In addition, in the case of the embodiment, when at least two light-emitting layers are formed, the photoelectric converters may be located between these layers.

In addition, the light-emitting layers may include excellent radioactive materials and phosphors.

In this case, photoelectric converters can have two-sided sensitivity.

The combination of the above parameters eliminates the phenomenon of self-absorption and provides a linear dependence of the output power of the device on the mass of radioactive material.

The device can use either a solid or a liquid or gaseous state of a radioactive compound (element) or a mixture thereof.

BRIEF DESCRIPTION OF THE DRAWINGS

In FIG. Figure 1 shows a comparison of electrons emitted by a nickel-63 film as a function of layer thickness h (theoretical calculation).

The ordinate axis is the number of electrons, relative units.

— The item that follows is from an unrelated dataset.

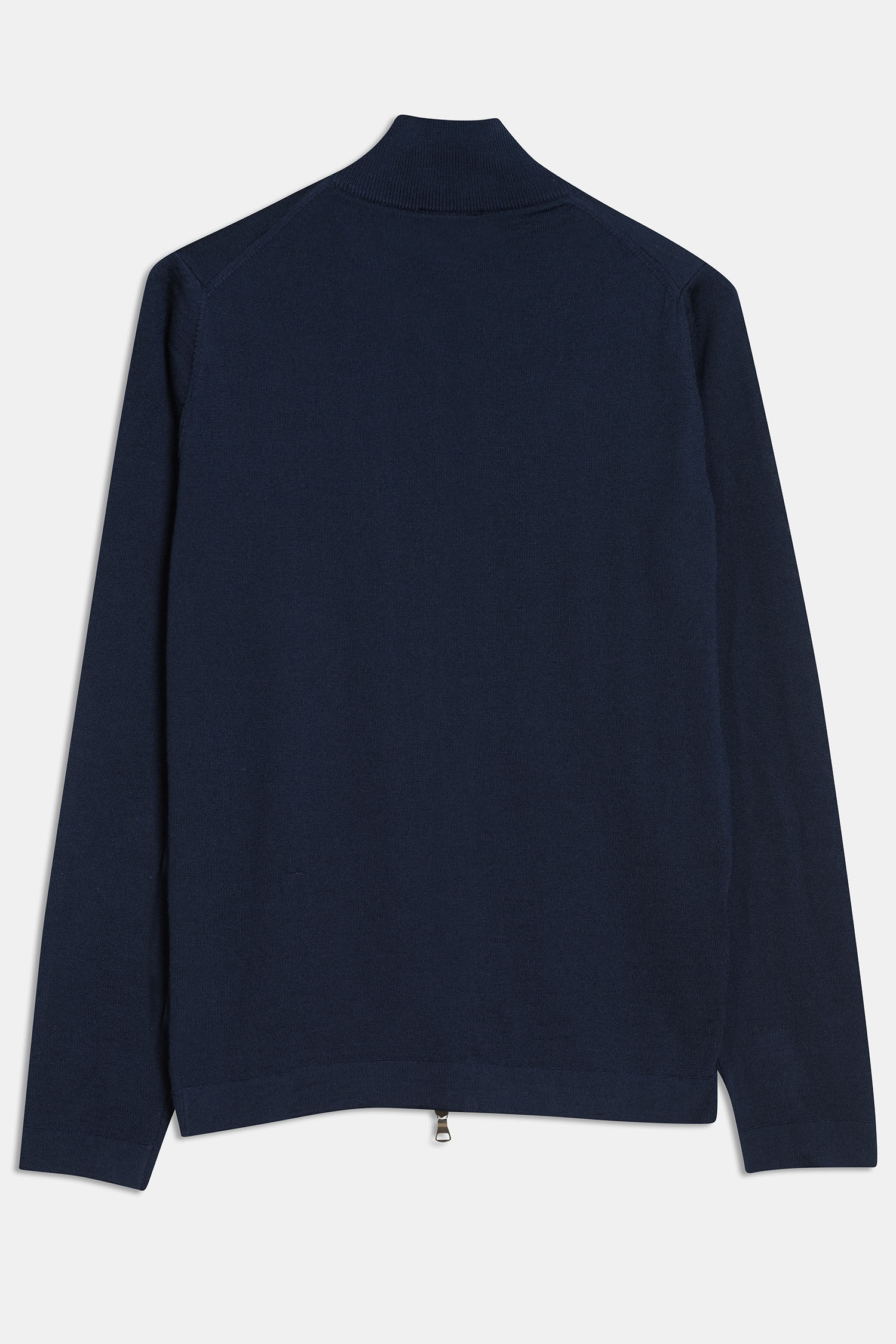 Den perfekta lager-på-lagertröjan! Den här modellen har en elegant tvåvägsdragkedja som kan öppnas från båda håll. Den tunt stickade merinoullen från den världsledande garnproducenten Zegna Baruffa är värmande men har samtidigt god andningsförmåga. Bär den som sportig polotröja eller elegant mellanlager under kavajen.

The abscissa indicates the thickness of the nickel layer (μm).

Ntot (h) is the number of electrons released from a continuous layer of nickel.

Ndiss (h) is the number of electrons under the assumption that the nickel film is divided into many infinitely small volumes.

In FIG. Figures 2-6 show device options for converting decay energy.

NOTATION

1 - Radioactive material, the characteristic size of the volume of which does not exceed the mean free path of the emitted particles in it, or, at least, is comparable with it.

2 - Phosphor, the characteristic size of the volume of which is not less than the mean free path of the emitted particles in it.

3 - The zone in which the energy of atomic decay is converted, comparable to the mean free path of the particles formed during the decay.

4 - Alternating volumes of radioactive material and phosphor - light-emitting layer.

5 - Photoelectric Converter.

DETAILED DESCRIPTION OF THE INVENTION

An electric power source (including a nuclear energy conversion device) contains a photon flux source, and a device for converting radiation energy into electrical energy - semiconductor photoelectric converters. To transmit electric current from photovoltaic converters to the energy consumer, wires are provided.

Energy is generated by photoelectric converters from light radiation created by irradiating a luminescent material with nuclear reaction products. The space between the photoelectric converters is filled with alternating volumes of radioactive material and a phosphor, while the characteristic size of the volumes of radioactive material does not exceed the mean free path of emitted particles in it, or at least is comparable with it, and the characteristic size of the volumes of the phosphor is not less than the mean free path of emitted particles in the phosphor.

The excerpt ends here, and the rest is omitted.